I suppose some people would think that is utterly mad. In this push-button age of oil-fired central heating, why would anyone want to go wandering around collecting sticks in order to keep warm in the winter? Don't we pity those poor souls from earlier centuries who had to chop wood and carry water, wash their laundry by hand, grow their own vegetables, sew their own clothes …? Well actually, no. (Except for the clothes, that is. I never did enjoy sewing). When I have to spend any length of time cocooned in indoor spaces and surrounded by labour-saving devices like dishwashers and microwave ovens, I start to feel marooned, alienated, separated from the real world.

I love the physicality of firewood. The satisfying snap as you break a dry stick in your hands or against your knee or under the heel of your boot. Now that we live in a small cottage, all I have to do with those broken pieces is to pile them in a basket. But years ago, when I had to carry the pieces some distance, I used to enjoy making them into sturdy bundles. 'Faggots', as in the title of this Corot painting. What a lovely, old-fashioned word that is. It makes me feel connected with all the other people, all down through history, who have brought their firewood home this way.

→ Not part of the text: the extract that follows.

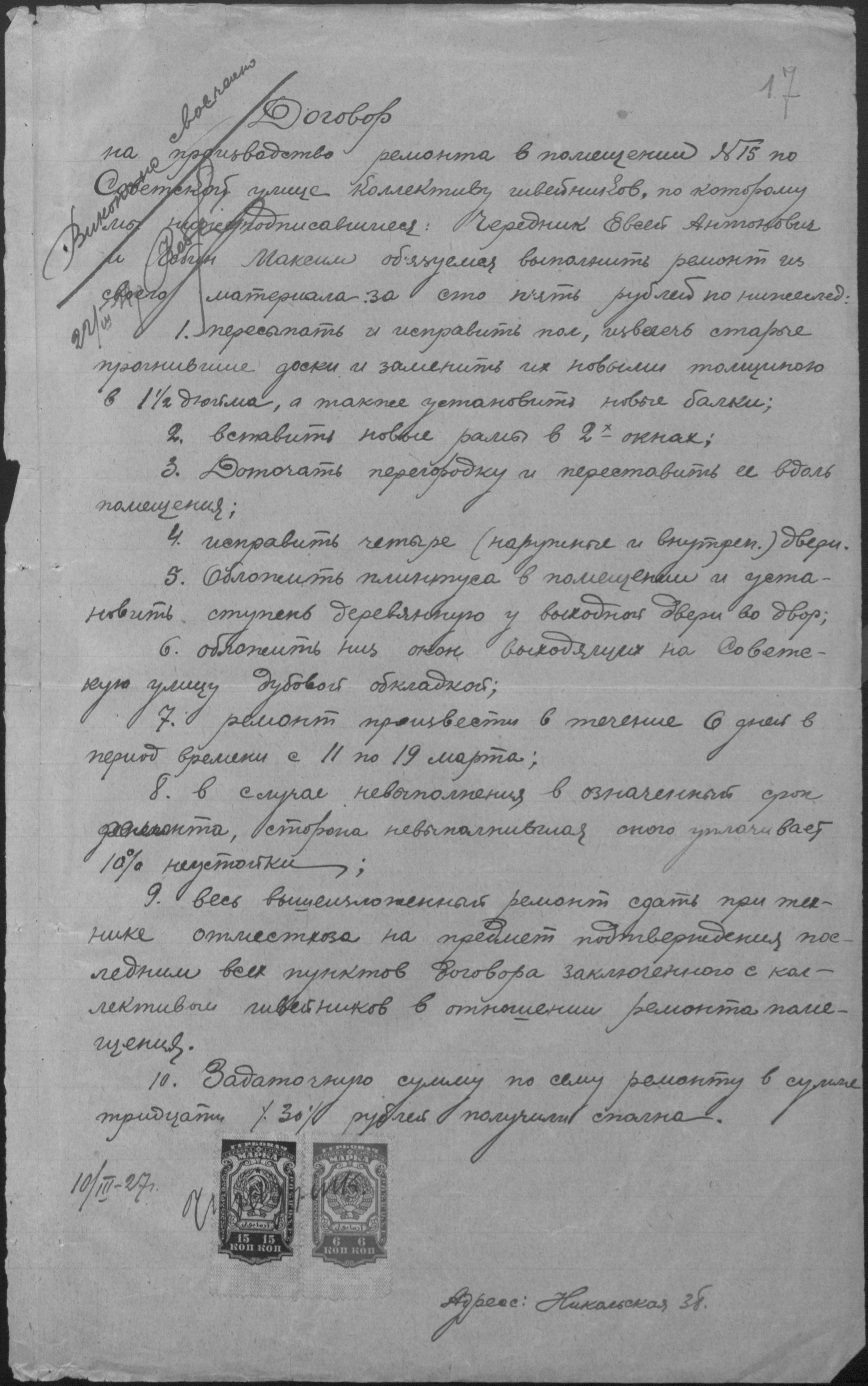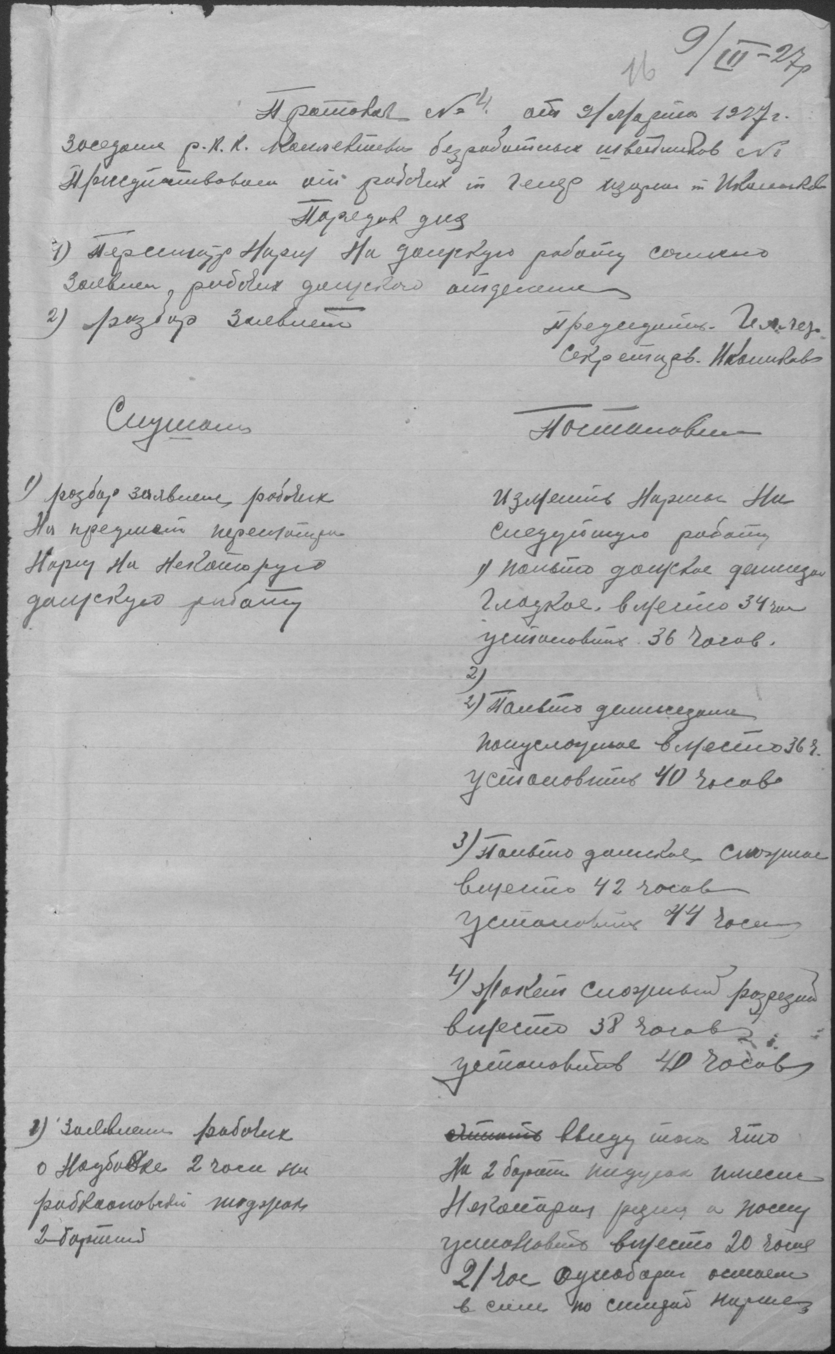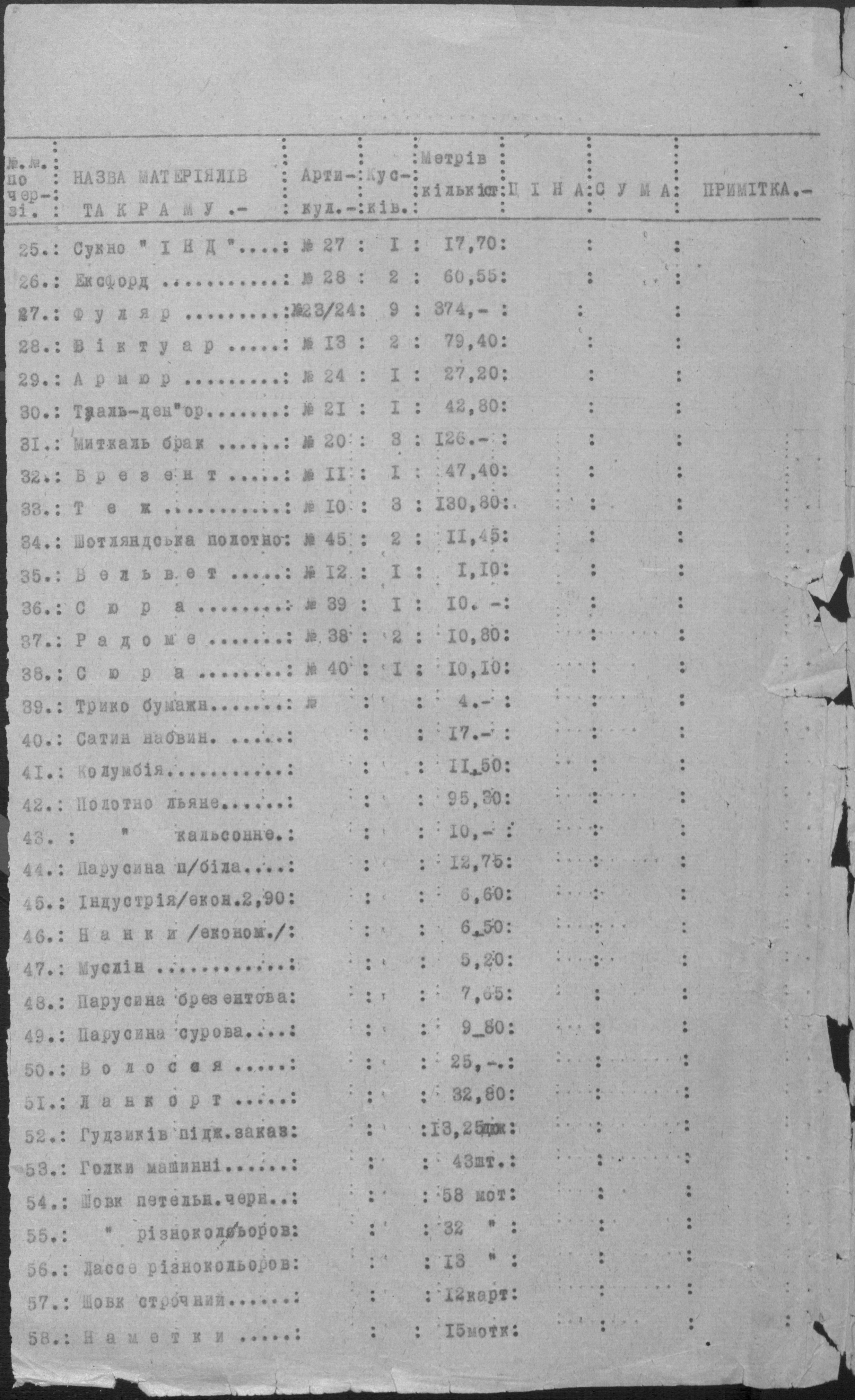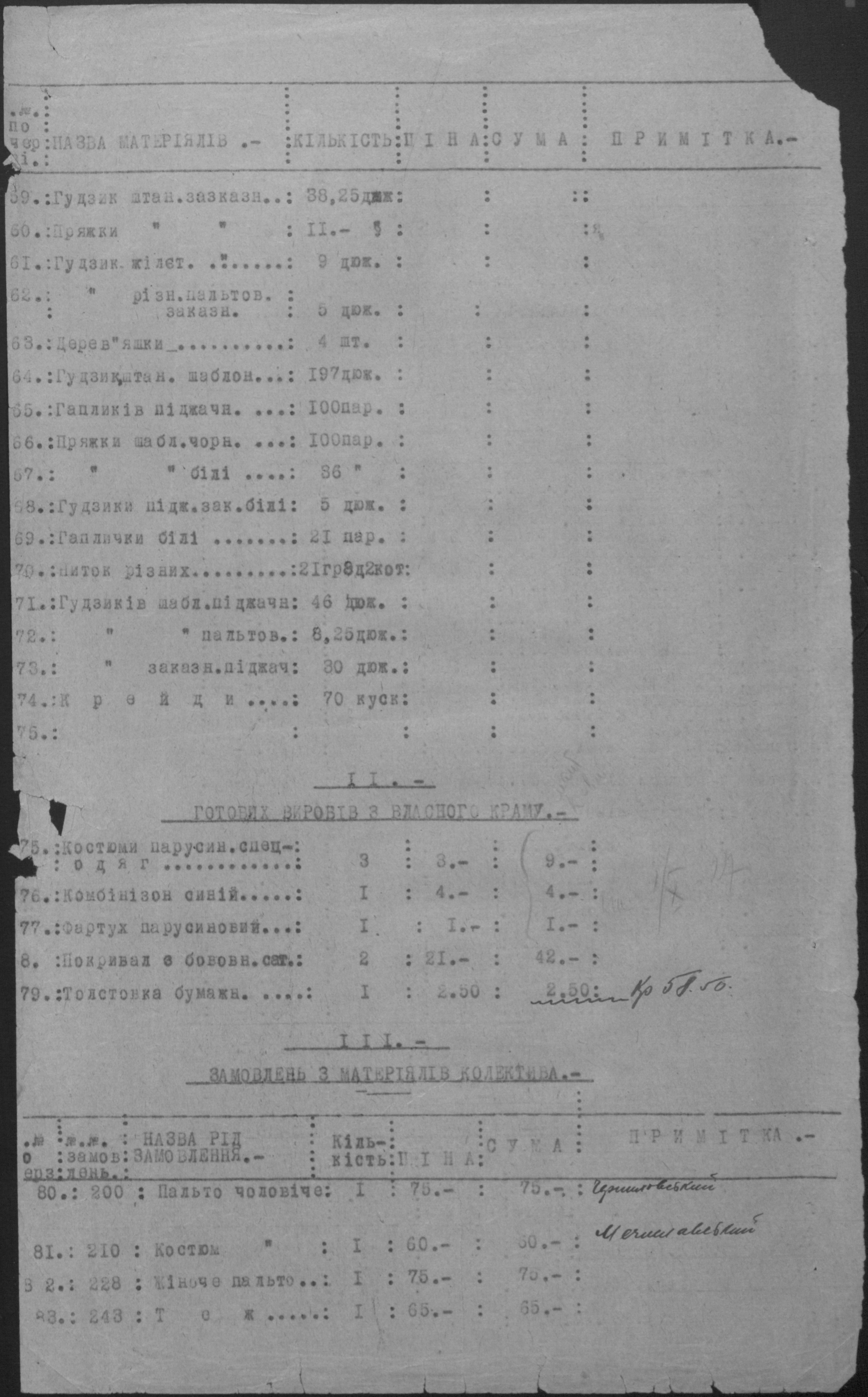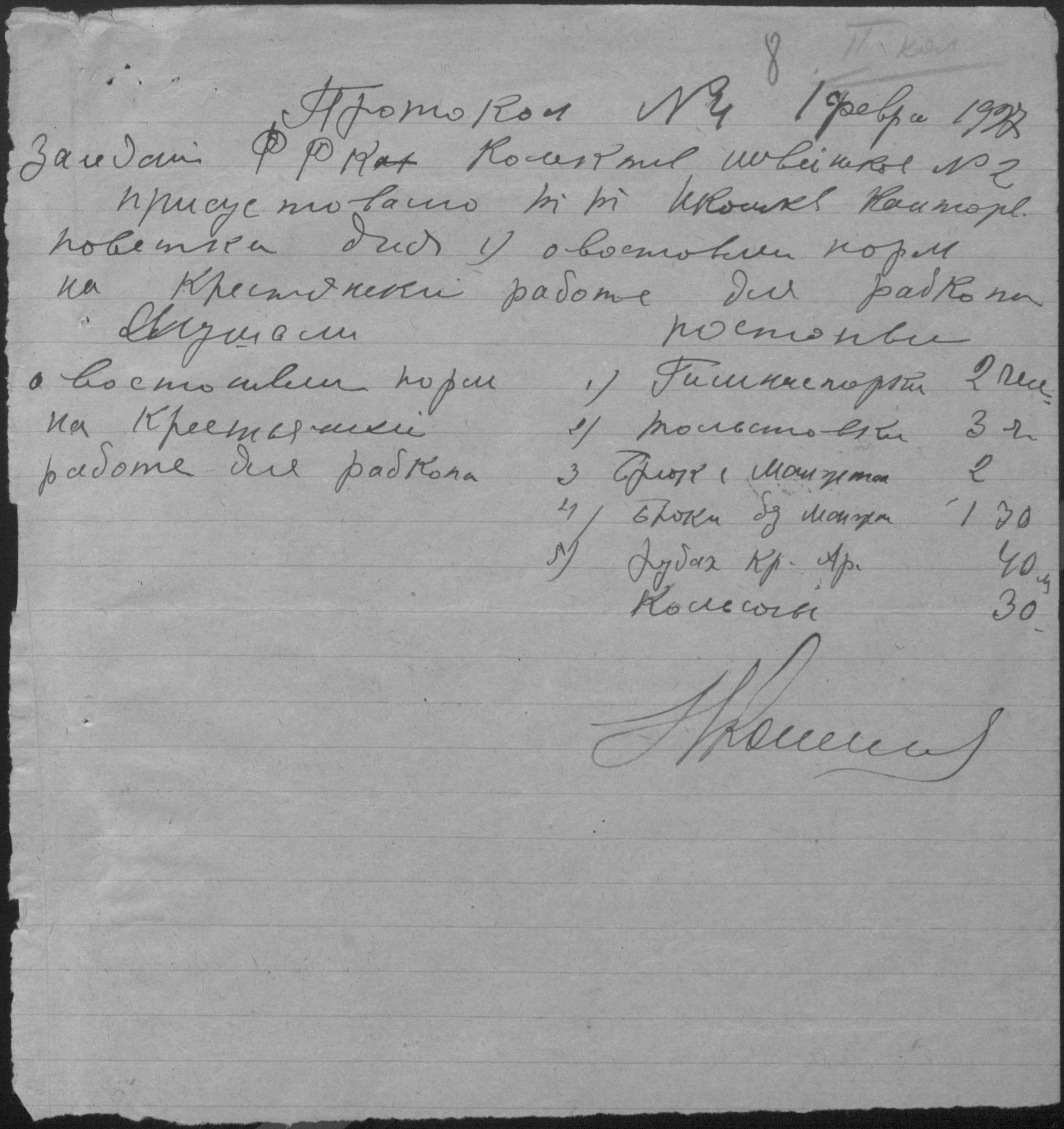 • • • • Справа № 20 “Обіжник Народного комісаріату праці УРСР про виплату підйомної допомоги особам, які переводяться у партійному порядку. Обіжник Народного комісаріату зовнішньої і внутрішньої торгівлі УРСР про зниження роздрібних цін. Листування з правлінням об’єднання колективів безробітних при Миккомборбезі з виробничих і господарських питань. Протоколи засідань членів колективу. Акти інвентаризації”

I love the physicality of gardening, too, and the deep feeling of connection that comes from plunging my hands into the soil. As I pull weeds or plant seedlings, I see the robin nearby, head to one side, waiting and watching with a black and beady eye in the hope that I shall turn up a juicy earthworm, and suddenly we are companions in the task, each with our own reason for being there. I feel the breeze on my face and in my hair, and in the air I smell the season – right now, the moist, mushroomy aroma of autumn. In moments like that, despite all the problems in the world, everything feels OK.

My back aches a lot these days. Seventy years of walking upright and sitting in badly-designed chairs and all those decades of overriding the deeper needs of my body in order to earn a living have all taken their toll on my spine. And physical tasks – particularly gardening – all bring with them, these days, the possibility that some thorn, some jagged edge, some projecting object will pierce this unbelievably thin skin of mine. The merest bump, like brushing too hard against the corner of a table, will tear the skin on my arm as though it were tissue paper. I stare in amazement at the oozing blood and say "Gosh, all I did was …" Now I understand why elderly patients in hospitals are so prone to bedsores. Our skin has lost its robustness.

Yet paradoxically, as my energy ever-so-slowly declines and my body gradually becomes more subject to aches and bruises, my delight in the physicality of living close to the earth seems to increase. I can't do the hugely physical things I did years ago, like building a house and backpacking around the world. But the small, physical tasks I do outdoors, like pegging out a line of laundry in the garden, spreading compost, planting seeds, collecting kindling for the fire, bring a measure of delight to my days that I would sorely miss.